— Information given —
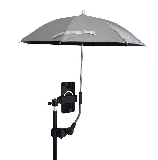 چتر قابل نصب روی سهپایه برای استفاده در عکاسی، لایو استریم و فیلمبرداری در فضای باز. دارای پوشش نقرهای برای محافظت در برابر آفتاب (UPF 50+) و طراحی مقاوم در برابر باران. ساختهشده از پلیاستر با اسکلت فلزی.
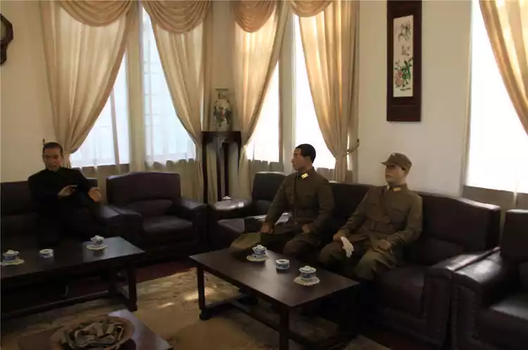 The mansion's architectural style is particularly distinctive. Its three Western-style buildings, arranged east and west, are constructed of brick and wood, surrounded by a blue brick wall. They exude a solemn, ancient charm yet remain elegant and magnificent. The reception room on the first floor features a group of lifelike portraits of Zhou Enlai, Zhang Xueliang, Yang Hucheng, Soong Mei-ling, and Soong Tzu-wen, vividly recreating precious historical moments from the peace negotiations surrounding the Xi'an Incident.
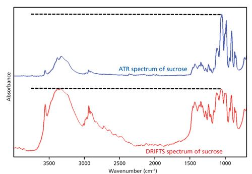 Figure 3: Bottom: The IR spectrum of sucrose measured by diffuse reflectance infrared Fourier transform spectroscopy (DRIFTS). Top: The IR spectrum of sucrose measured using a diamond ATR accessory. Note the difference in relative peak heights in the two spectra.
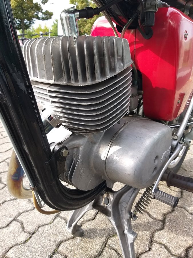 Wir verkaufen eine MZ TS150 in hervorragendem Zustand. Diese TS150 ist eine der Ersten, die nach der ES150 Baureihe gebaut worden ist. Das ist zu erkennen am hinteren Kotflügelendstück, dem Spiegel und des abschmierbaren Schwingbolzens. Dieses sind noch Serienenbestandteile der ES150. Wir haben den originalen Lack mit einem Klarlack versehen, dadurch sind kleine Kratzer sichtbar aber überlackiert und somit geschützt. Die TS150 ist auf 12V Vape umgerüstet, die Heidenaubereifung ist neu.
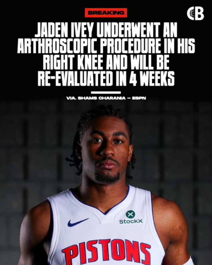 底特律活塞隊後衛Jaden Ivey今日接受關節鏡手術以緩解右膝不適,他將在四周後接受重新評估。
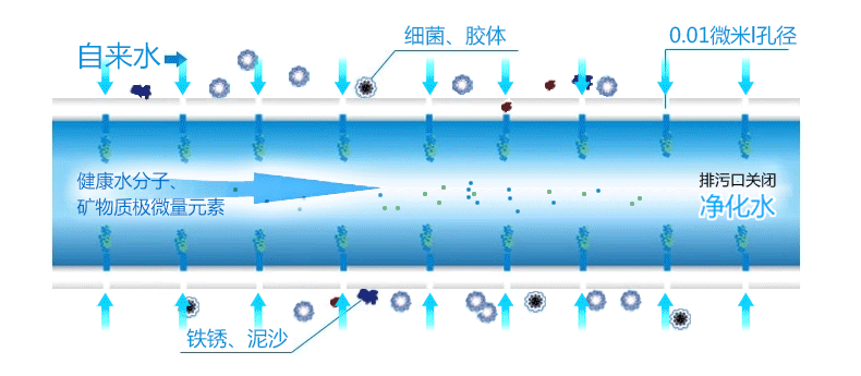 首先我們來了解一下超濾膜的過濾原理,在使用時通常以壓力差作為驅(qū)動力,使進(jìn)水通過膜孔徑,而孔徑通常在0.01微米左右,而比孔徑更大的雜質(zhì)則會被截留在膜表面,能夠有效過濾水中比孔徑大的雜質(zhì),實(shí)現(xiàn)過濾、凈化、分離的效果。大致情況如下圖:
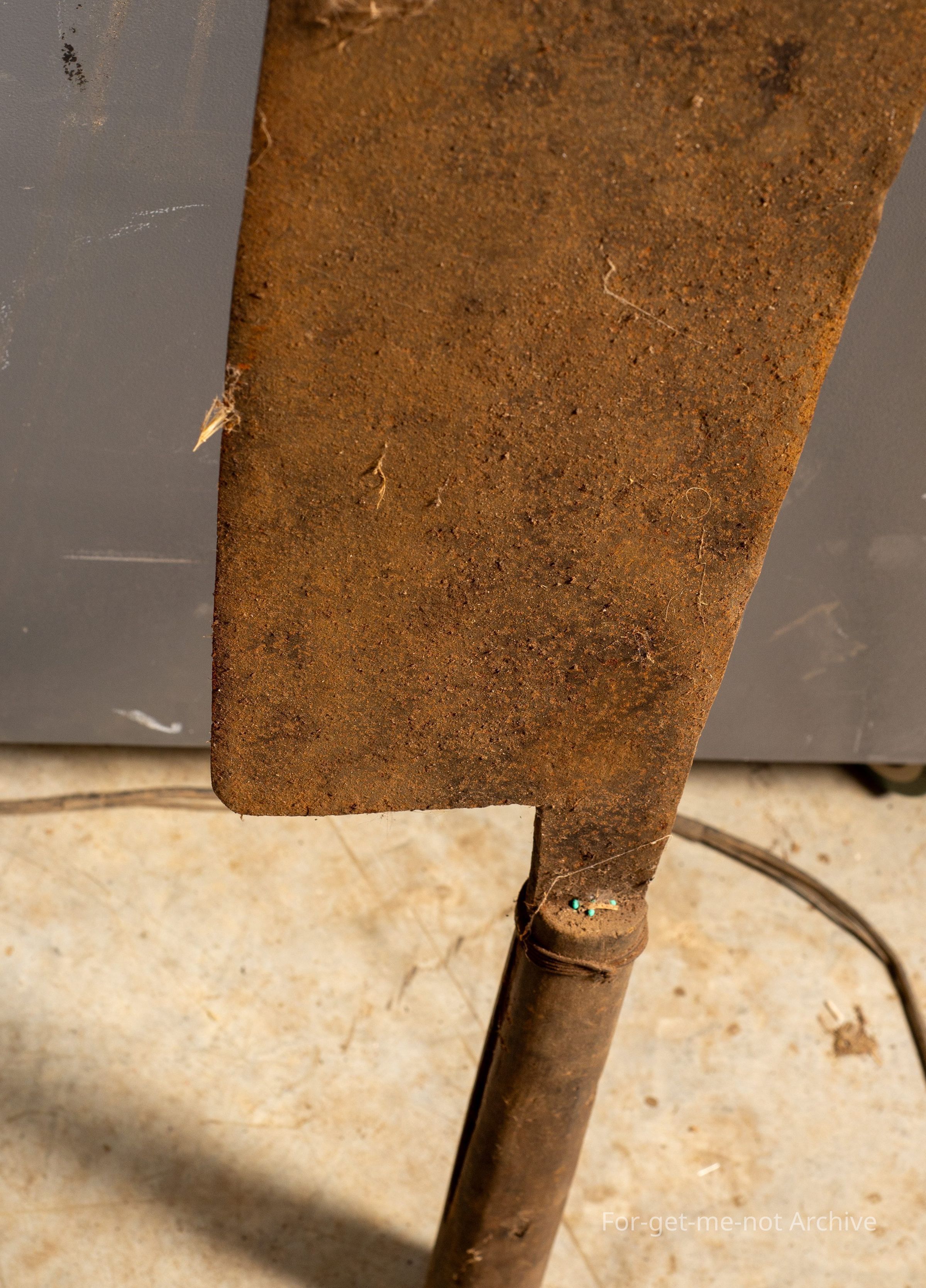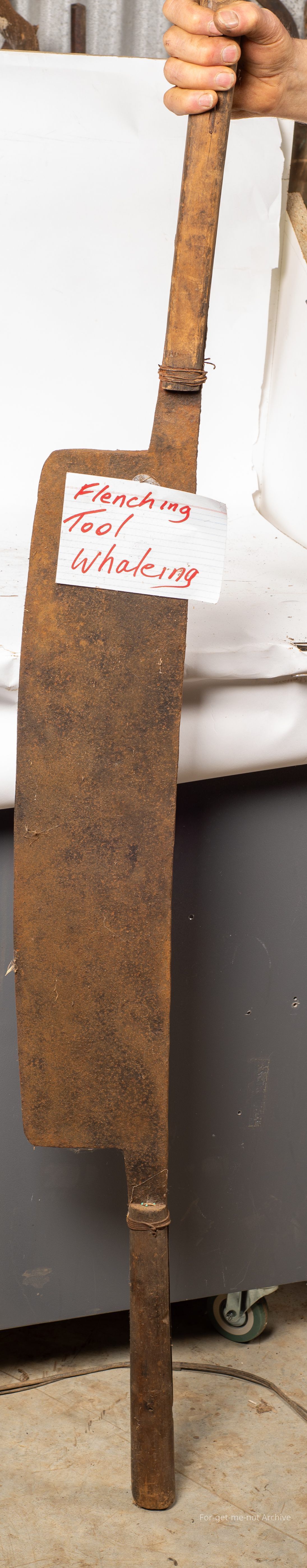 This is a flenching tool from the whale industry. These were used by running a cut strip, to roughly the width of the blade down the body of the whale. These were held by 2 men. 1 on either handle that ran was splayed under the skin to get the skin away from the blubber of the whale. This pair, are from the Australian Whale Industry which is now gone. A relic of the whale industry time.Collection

==

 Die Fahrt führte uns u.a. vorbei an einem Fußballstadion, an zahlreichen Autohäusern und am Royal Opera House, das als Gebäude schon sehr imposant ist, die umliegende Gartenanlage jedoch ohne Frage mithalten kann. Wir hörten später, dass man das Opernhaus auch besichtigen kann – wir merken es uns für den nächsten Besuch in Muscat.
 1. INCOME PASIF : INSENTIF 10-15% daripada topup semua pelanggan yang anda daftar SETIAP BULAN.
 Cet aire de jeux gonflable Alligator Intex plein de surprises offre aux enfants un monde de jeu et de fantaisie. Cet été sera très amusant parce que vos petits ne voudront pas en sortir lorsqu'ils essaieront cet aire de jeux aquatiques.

---

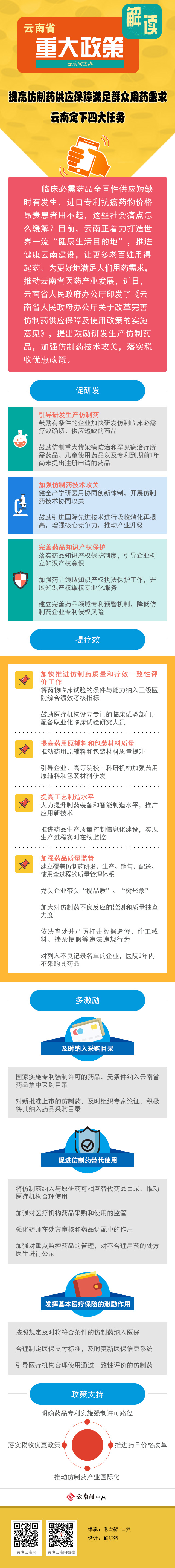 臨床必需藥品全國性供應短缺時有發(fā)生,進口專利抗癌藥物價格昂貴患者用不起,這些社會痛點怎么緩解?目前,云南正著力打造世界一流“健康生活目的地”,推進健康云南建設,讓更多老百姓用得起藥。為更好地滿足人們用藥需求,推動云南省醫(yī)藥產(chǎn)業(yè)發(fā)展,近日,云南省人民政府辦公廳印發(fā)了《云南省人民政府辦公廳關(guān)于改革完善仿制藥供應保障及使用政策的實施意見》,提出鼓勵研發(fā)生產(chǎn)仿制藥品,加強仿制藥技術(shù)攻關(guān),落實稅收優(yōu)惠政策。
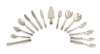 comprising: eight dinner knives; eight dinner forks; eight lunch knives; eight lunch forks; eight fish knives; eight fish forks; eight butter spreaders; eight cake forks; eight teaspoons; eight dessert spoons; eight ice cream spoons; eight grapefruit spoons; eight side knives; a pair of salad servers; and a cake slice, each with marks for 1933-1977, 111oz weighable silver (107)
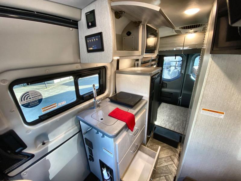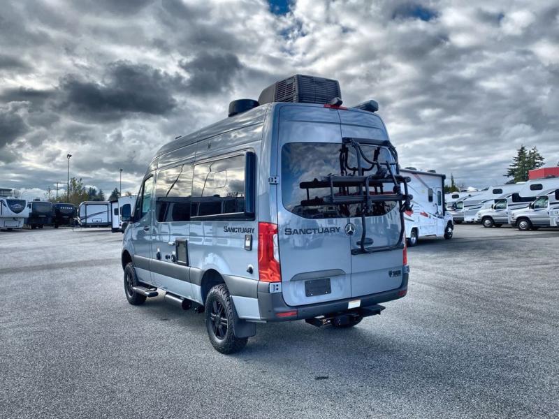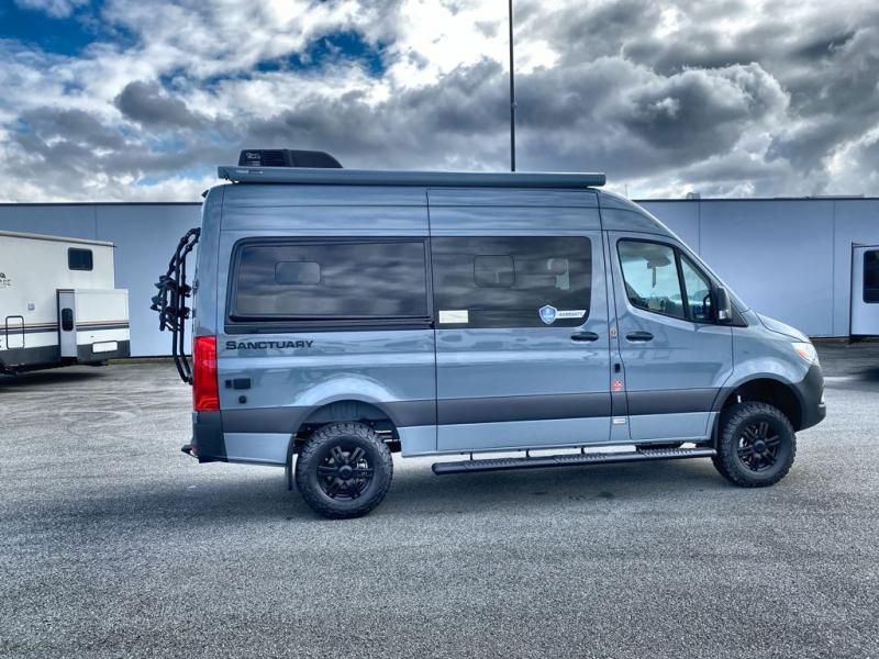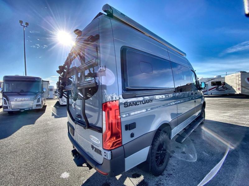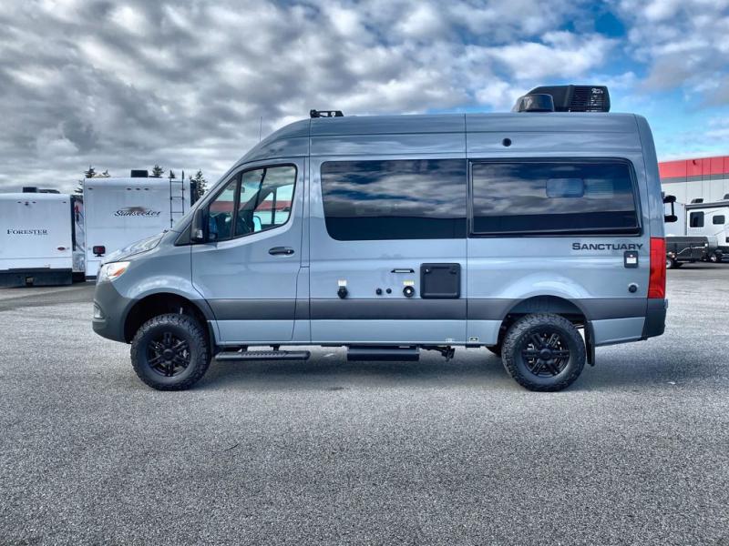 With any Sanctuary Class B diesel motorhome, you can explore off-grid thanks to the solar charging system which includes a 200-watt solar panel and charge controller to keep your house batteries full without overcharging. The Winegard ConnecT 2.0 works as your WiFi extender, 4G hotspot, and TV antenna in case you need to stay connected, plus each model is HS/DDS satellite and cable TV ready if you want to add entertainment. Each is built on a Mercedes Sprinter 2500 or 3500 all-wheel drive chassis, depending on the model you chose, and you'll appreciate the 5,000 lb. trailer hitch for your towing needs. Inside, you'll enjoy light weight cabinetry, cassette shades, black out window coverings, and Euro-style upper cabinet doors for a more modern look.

— Assigned task —
Once the line with "臨床必需藥品全國性供應短缺時" has been found above, output that line and every later line exactly, stopping after the line with "With any Sanctuary", and omit the pictures.

— Exercise solution —
 臨床必需藥品全國性供應短缺時有發(fā)生,進口專利抗癌藥物價格昂貴患者用不起,這些社會痛點怎么緩解?目前,云南正著力打造世界一流“健康生活目的地”,推進健康云南建設,讓更多老百姓用得起藥。為更好地滿足人們用藥需求,推動云南省醫(yī)藥產(chǎn)業(yè)發(fā)展,近日,云南省人民政府辦公廳印發(fā)了《云南省人民政府辦公廳關(guān)于改革完善仿制藥供應保障及使用政策的實施意見》,提出鼓勵研發(fā)生產(chǎn)仿制藥品,加強仿制藥技術(shù)攻關(guān),落實稅收優(yōu)惠政策。
 comprising: eight dinner knives; eight dinner forks; eight lunch knives; eight lunch forks; eight fish knives; eight fish forks; eight butter spreaders; eight cake forks; eight teaspoons; eight dessert spoons; eight ice cream spoons; eight grapefruit spoons; eight side knives; a pair of salad servers; and a cake slice, each with marks for 1933-1977, 111oz weighable silver (107)
 With any Sanctuary Class B diesel motorhome, you can explore off-grid thanks to the solar charging system which includes a 200-watt solar panel and charge controller to keep your house batteries full without overcharging. The Winegard ConnecT 2.0 works as your WiFi extender, 4G hotspot, and TV antenna in case you need to stay connected, plus each model is HS/DDS satellite and cable TV ready if you want to add entertainment. Each is built on a Mercedes Sprinter 2500 or 3500 all-wheel drive chassis, depending on the model you chose, and you'll appreciate the 5,000 lb. trailer hitch for your towing needs. Inside, you'll enjoy light weight cabinetry, cassette shades, black out window coverings, and Euro-style upper cabinet doors for a more modern look.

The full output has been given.